Finance Minister Thomas Isaac is under a triple lockdown. Like everyone else, he has been undergoing the effects of the national lockdown against Covid-19, enforced by the Modi government together with the state government, of which he is a part. The second lockdown is that of his treasury, which is running empty because there is no money coming in. The third and most crucial from a personal point of view is the lockdown on his role as finance minister.
In fact, even before the national lockdown against coronavirus was clamped down, Isaac has been largely unemployed as he has very little to do as finance minister. The scope of his intervention has been constrained by the limited nature of the resources at his command. His role has effectively been reduced to matching the bill for salary and pension payment for government employees with whatever is left in his treasury on a month to month basis. For want of anything more worthwhile to do, he has been engaging himself in Centre-bashing, attacking the stimulus packages of the Modi government and its policies towards the states.

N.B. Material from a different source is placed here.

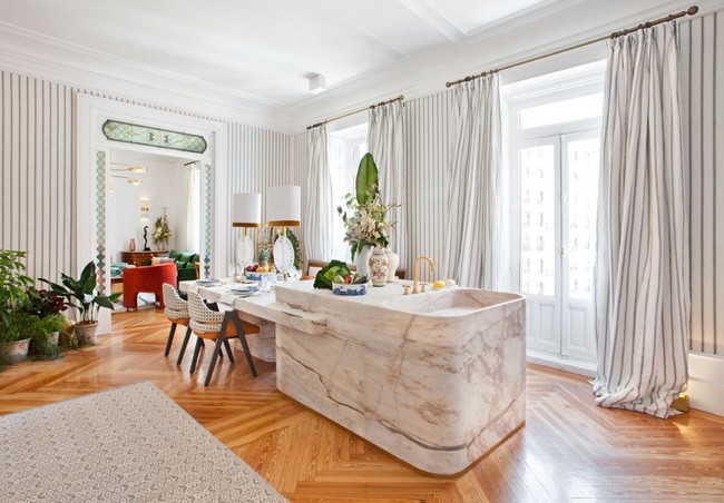 Que si lo piensas bien no nos pilla de nuevo. Ya se lo habíamos visto a la genial Beatriz Silveira en las ediciones de casa Decor 2017 y 2018. Ella es pionera y se suma a las vanguardias pero siempre llevándolas a su terreno. El terreno de la "buena" decoración que demuestra que una decoración clásica no es incompatible con las últimas tendencias.

Nearly all of what the Kerala government earns is spent on salaries and pensions. It is a different matter that such state welfare only covers 5 percent of the population. According to available data, Kerala has the highest per capita share of salaries and pension among all states. But the means for earning revenue are rather limited. Lottery and tax on liquor constitute two major revenue streams and the robustness of the treasury is inversely proportional to the moral degradation of the people. So the government feels good when people spend more on their booze and tend to gamble more, because it translates into more money in the state coffers.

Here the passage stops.